Huwara or Howwarah (حُوّارة, /ar/) is a Palestinian town located in the Nablus Governorate of the State of Palestine. Located in the northern Israeli-occupied West Bank, Huwara is on the main road connecting Nablus southwards to Ramallah and Jerusalem, approximately 4 mi from Jacob's Well. According to the Palestinian Central Bureau of Statistics, the town had a population of 6,659 in 2017.

Huwara is a flashpoint town in the Israeli-Palestinian conflict. Huwara is on the main road to nearby Israeli settlements, leading to frequent clashes between Israeli soldiers and settlers and local Palestinians. Most notably, two Israeli civilian-settlers passing the town were shot by a Palestinian gunman in a shooting attack. In response to the shooting attack, the town was rampaged by hundreds of Israeli settlers, who torched Palestinian businesses and houses, leaving one dead and one hundred Palestinians injured.

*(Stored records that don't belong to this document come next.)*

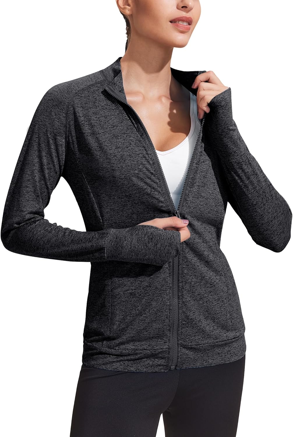 Lightweight Workout Jackets Womens Full Zip Slim Fit Athletic Running Jacket with Thumb Holes
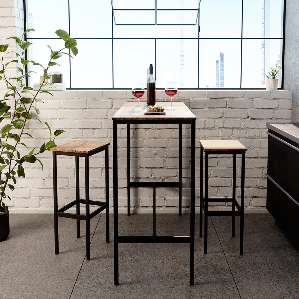 Bartisch Set „Fyrk“ Eiche Rustikal/Schwarz 120 X 50 Cm Mit 2 Barhockern Vicco
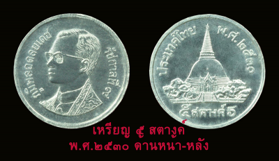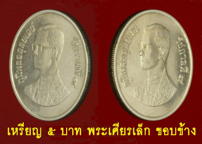 เหรียญนี้คงต้องคุยกันนานเพราะมันเป็นตำนานจริงๆ มีเพียงหนึ่งเดียวและที่เห็นมามีเพียงเหรียญเดียวยังไม่เคยเห็นเหรียญที่สองเลยครับ ย้อนกลับไปเมื่อปี 2539 ก่อนฟองสบู่แตกเล็กน้อยตอนนั้นถือเป็นยุคทองของเหรียญกษาปณ์เพราะมีคนเล่นหากันแบบไม่เกรงใจคนจน คงเป็นเพราะเศรษฐกิจดีขนาดไม่มีเงินหรือเงินไม่พอยังสามารถแปะเอาไว้ก่อน เอาของมาก่อนแล้วค่อยหาเงินไปใช้ให้ทีหลังทำตัวเป็นเศรษฐีกันถ้วนหน้าผมเองไม่ถึงขนาดนั้นแต่ก็อดที่จะตามขบวนกับเขาไม่ได้กลัวจะตกรถไฟ ขณะที่ผมกำลังก้มๆเงยๆมองหาเหรียญอยู่แถวหน้าวัดพระแก้วก็มีมือมาสะกิดทำให้ผมหันไป “พี่ๆผมมีเหรียญมาให้ดู”ผมหันไปก็ไม่ใช่ใครอื่นไกลเป็นนักวิ่งเหรียญ(ไม่รู้จะเรียกว่าอะไรดีประมาณว่าเป็นคนหาเหรียญแล้วคอยส่งต่อให้พ่อค้าอีกที) เจ้าประจำที่คุ้นเคยกันอยู่ “เหรียญอะไร” ผมถามอย่างอารมณ์ดี “เหรียญหายากครับ ผมว่าพี่ต้องชอบ” ผมไม่รอช้าเลี่ยงเดินออกมาโดยมีเจ้านักวิ่งเหรียญตามมาติดๆ “ไหนขอดูหน่อยว่าเจ๋งจริงหรือเปล่า”เจ้านักวิ่งเหรียญเปิดกระเป๋าย่ามบรรจงหยิบเหรียญออกมายื่นให้“เจ๋งอยู่แล้วพี่ ดูซะก่อน” ผมรับเหรียญมาแล้วมองดูพลิกไปพลิกมาก็ยังไม่แน่ใจเลยควักกล้องออกมาส่องอยู่สักครู่แล้วก็ถามว่า “เท่าไหร่” เจ้าเด็กวิ่งเหรียญตอบแบบไม่เกรงใจผม “ห้าหมื่นครับพี่”ผมนิ่งไปพักใหญ่เพราะเจอของหนักอีกแล้ว “มีเหรียญเดียวหรือ”ผมถามเพื่อหยั่งเชิง “โอย..พี่มีเหรียญเดียวจะไปหาที่ไหนตั้งหลายๆเหรียญ นี่มัน พ.ศ. 39 แล้วตั้ง 14 ปีมาแล้วนะยังไม่เคยเห็นแบบนี้มาก่อน ผมได้มาจากคนคัดเหรียญของกองกษาปณ์ อ้ายคนคัดเหรียญมันยังบอกว่ามันเองก็ไม่เคยเห็นเหรียญแบบนี้มาก่อน” ผมเองก็มั่นใจลึกๆว่าเจ้าเด็กวิ่งเหรียญน่าจะพูดจริงเพราะเวลาผ่านมานานแล้วผมเองก็ยังไม่เคยรู้มาก่อนว่ามันมีเหรียญแบบนี้ ที่เคยเห็นบ่อยก็จะเป็นเหรียญราคา 1บาทแบบพระเศียรเล็กแต่ราคา 5 บาทแบบพระเศียรเล็กยังไม่เคยเจอเลย “ไม่ลดหน่อยหรือ เช้าๆอย่างนี้” เจ้านักวิ่งเหรียญตอบแบบรู้ใจว่าผมสนใจสินค้า “อย่าเลยพี่แบ่งๆกัน พี่ก็รู้ว่าผมให้พี่ดูเป็นคนแรกๆทุกครั้งเลย”เจอไม้นี้ผมเลยพูดไม่ออกเดินไปกดเงินให้แล้วเดินตัวเบาออกมา ดีใจก็ดีใจที่ได้ของหายาก แต่ติดใจตรงที่จะมีเหรียญที่สองให้เห็นอีกหรือเปล่า เหรียญหายากที่สุดที่โพสท์มาให้ดูจริงๆแล้วแทบจะไม่มีใครได้เคยเห็นมาก่อนเลยเพราะไม่เคยเอาไปโชว์ที่ไหนและคิดว่าคงแทบจะไม่มีใครเคยรู้ด้วยซ้ำว่ามีเหรียญแบบนี้ สภาพของเหรียญเป็นเหรียญที
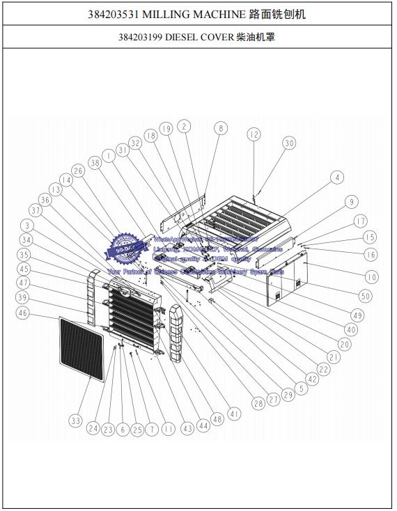 076 384203199 DIESEL COVER 柴油机罩-- XCMG Road Milling Machine XM200 Spare Parts Catalog
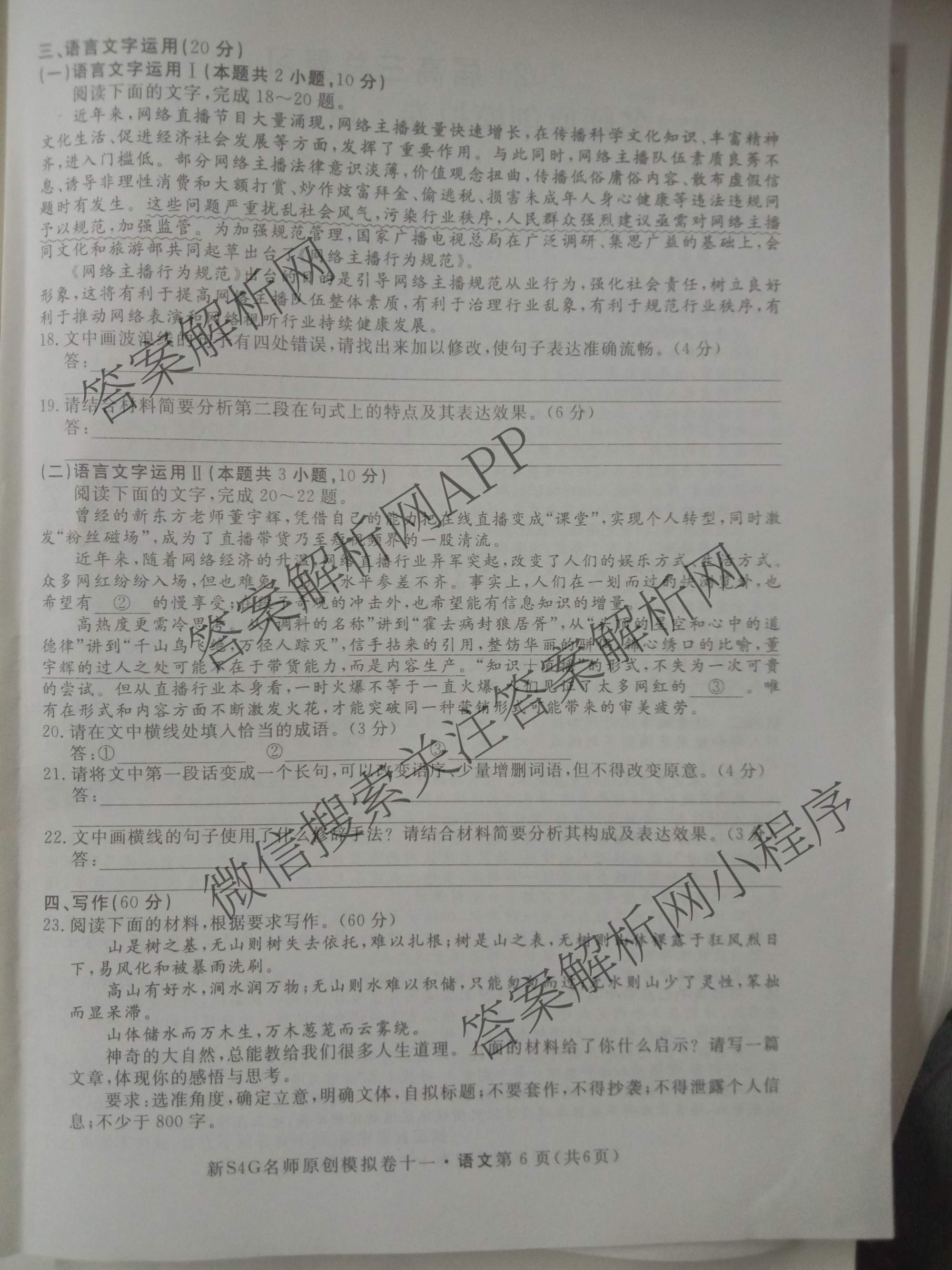 2024届高三总复习·名师原创模拟 语文(新S4G)(十一)11试题,目前分科卷答案网已经汇总了2024届高三总复习·名师原创模拟 语文(新S4G)(十一)11试题的各科答案和试卷,获取更多高三总复习·名师原创模拟答案解析,请在关注本站。
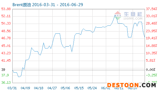 6月29日Brent原油商品指數(shù)為48.48,較昨日上升了1.41點,較周期內(nèi)最高點100.00點(2014-09-09)下降了51.52%,較2016年01月21日最低點27.82點上漲了74.26%。(注:周期指2014-09-09至今)
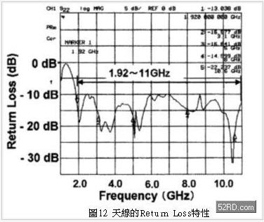 利用模擬分析獲得的參數(shù)制成的UWB天線,進(jìn)行實(shí)驗(yàn)性微調(diào)最才后將d設(shè)為5mm。圖7是UWB天線的Return Loss特性測試結(jié)果,如上所述美國聯(lián)邦通訊委員會(huì)( FCC)將UWB的頻寬定義為3.1~10.6GHz,根據(jù)測試結(jié)果顯示本天線在2.4~12GHz頻率范圍內(nèi)具有良好的放射Pattern,此時(shí)Return Loss低于9.5dB,VSWR則低于2.0dB。
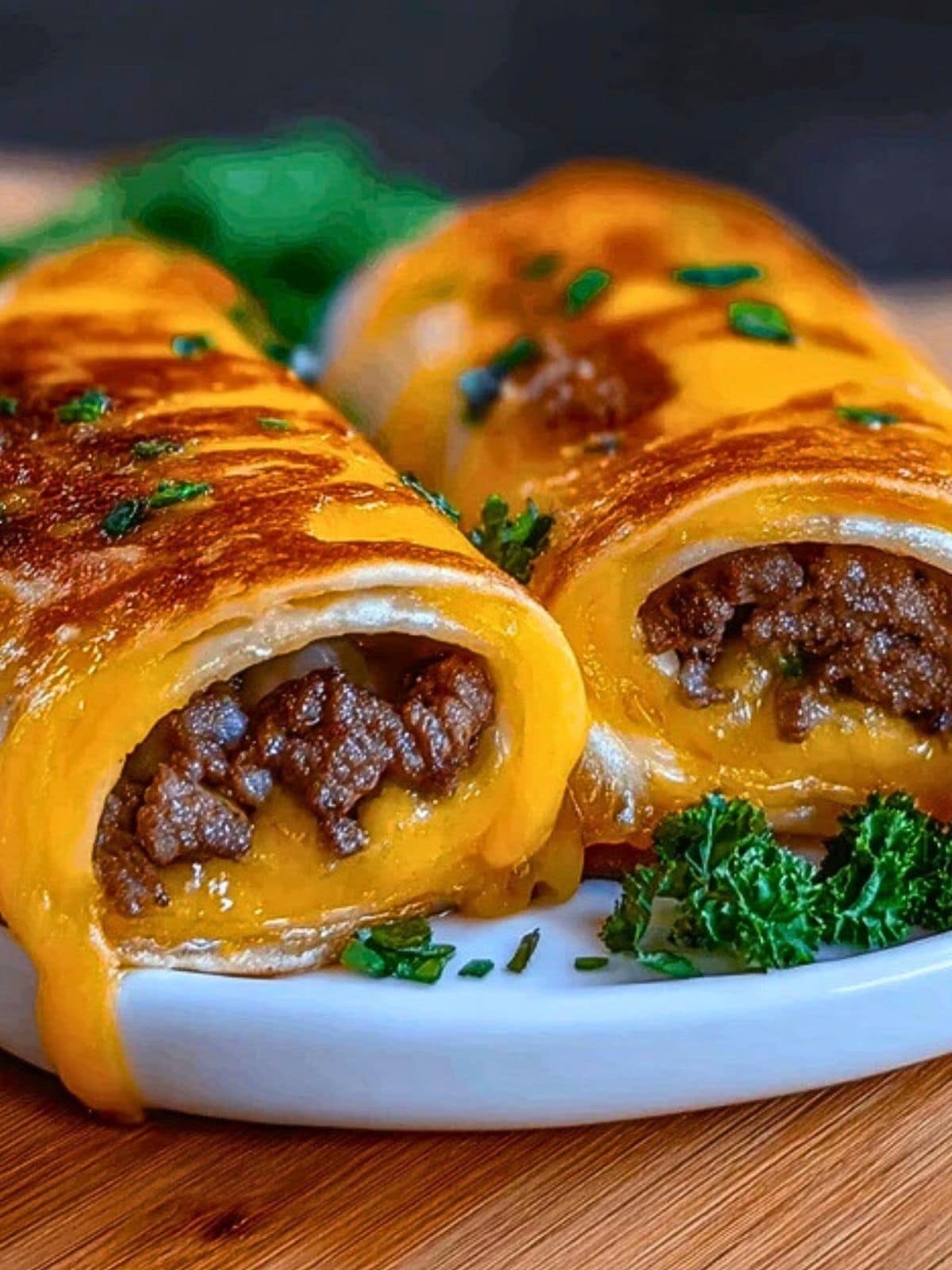 Irresistible Garlic Butter Cheeseburger Rollups are the ultimate handheld comfort food packed with savory ground beef, cheddar cheese, and golden crescent roll dough brushed with garlic butter. This easy appetizer or weeknight dinner idea combines everything you love about a cheeseburger in a soft, crispy rollup. Perfect for game days, family meals, or party snacks.
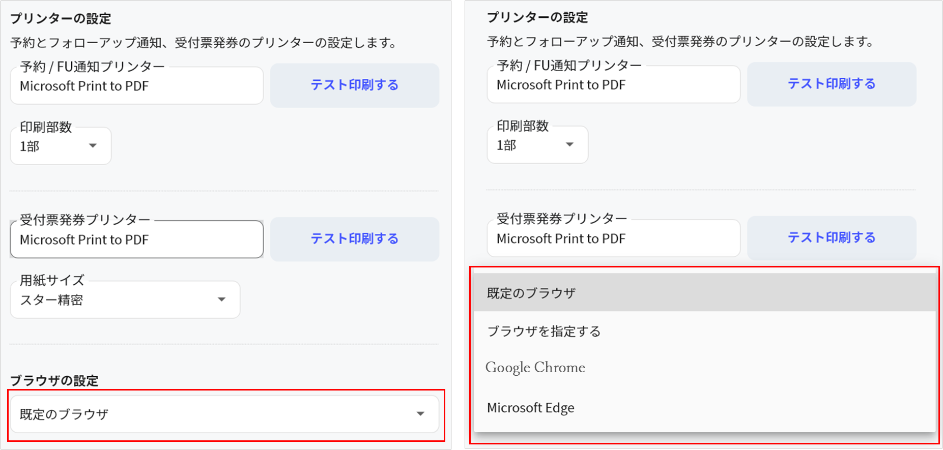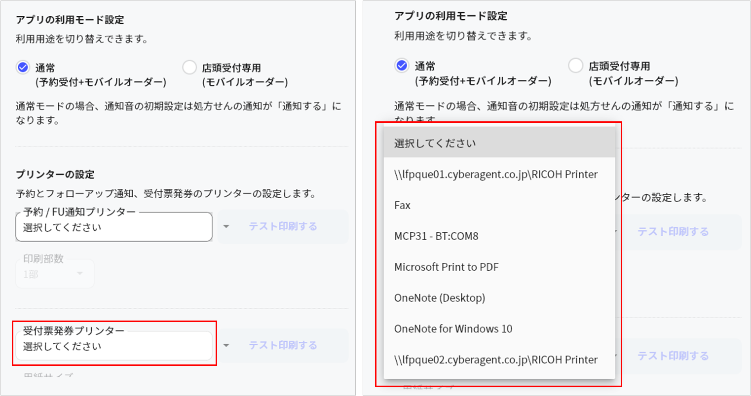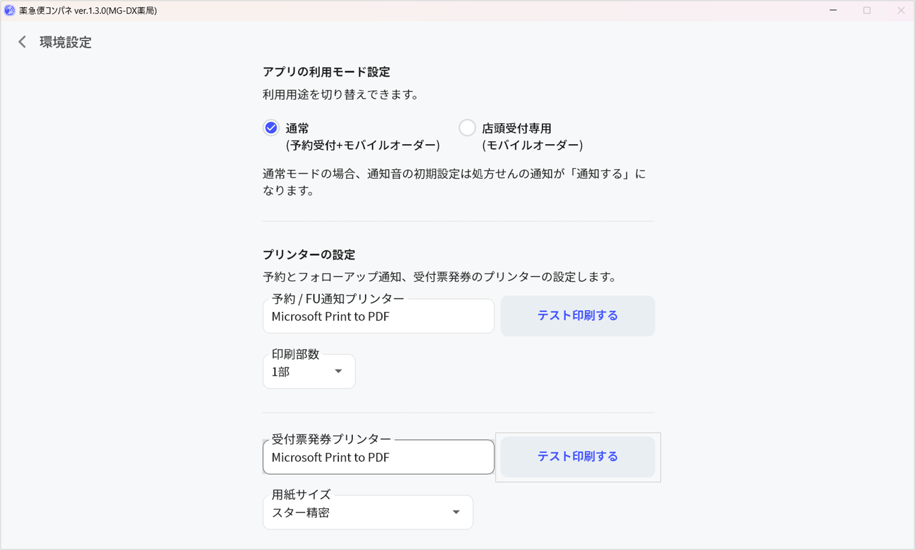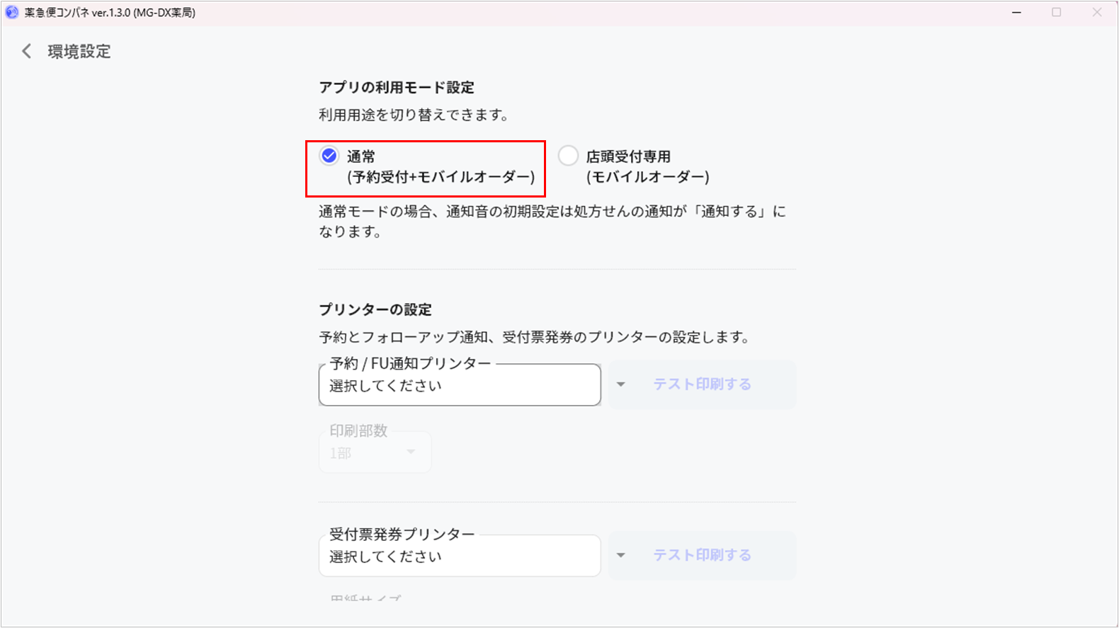 ※「店頭受付専用」を選択した場合、自動印刷や各種通知がご利用いただけなくなります。 - 「受付票発券プリンター」を選択
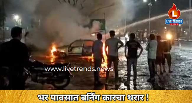 जळगाव-लाईव्ह ट्रेंडस न्यूज प्रतिनिधी । जळगावातील राष्ट्रीय महामार्ग क्रमांक ६ वरील अजिंठा चौफुली येथील हॉटेल मानस समोर उभ्या असलेला कारने बुधवारी ५ जुलै रोजी रात्री अकरा वाजता भीषण आग लागल्याची घटना घडली होती. अग्निशमन दलाच्या जवानांकडून ही आग विझविण्यात आली.
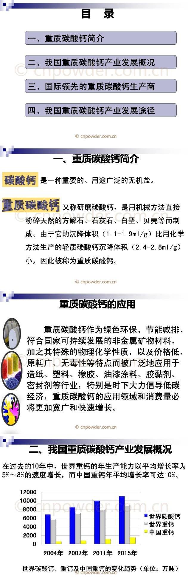 我国碳酸钙资源丰富,储量居世界前列。但是我们并不是碳酸钙生产强国。目前,碳酸钙企业普遍存在小而乱、产品低端无创新等问题。我国重钙产业亟待蜕变,而规模化、精细化、集聚式发展是重钙产业发展的必然趋势、/p>
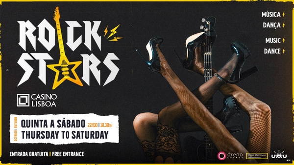 O Arena Lounge do Casino Lisboa acolhe o espectáculo “Rock Stars” de Quinta-Feira a Sábado, das 22h30 às 23h00. Espectáculos agendados de 31 de Outubro a 2 de Novembro | 7 a 9 Novembro | 14 a 16 Novembro | 21 a 23 Novembro | 28 a 30 Novembro. A entrada é gratuita.
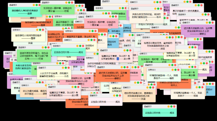 1、全功能后台:你可以在后台修改自己的登录密码,管理所有弹窗文字(增删改查),自定义全局的背景音乐、背景颜色、弹窗颜色,甚至还能塞点JS特效代码进去。
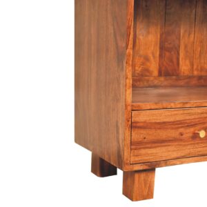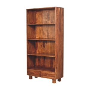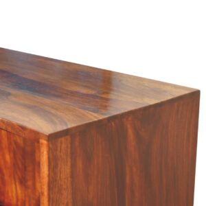 Introducing the Tula Bookcase, crafted from the finest Sheesham wood and finished in a rich chestnut hue that effortlessly enhances any room’s ambiance. This elegant bookcase features shiny brass knobs and straight mini feet, blending functionality with a sophisticated design. Perfect for showcasing your cherished book collection, decorative items, or both, the Tula Bookcase’s shelves and compact design ensure it fits seamlessly into your living space.

Israel constructed a bypass road around Huwara to avoid having the Israeli settlers pass through the Palestinian town.

==Location==
Huwara is located 7.28 km south of Nablus. It is bordered by Awarta, Odala and Beita to the east, Za'tara and Yasuf to the south, Jamma'in and Einabus to the west, and Asira al-Qibliya and Burin to the north. Highway 60 passes through the town. Other nearby highways include Highway 5, Highway 55, and Highway 57.

==History==
===Antiquity===
Huwara is an ancient site, and cisterns and rock-cut tombs have been found, together with remains of columns. It has been suggested that Huwara should be identified with Horon, hometown of Sanballat the Horonite.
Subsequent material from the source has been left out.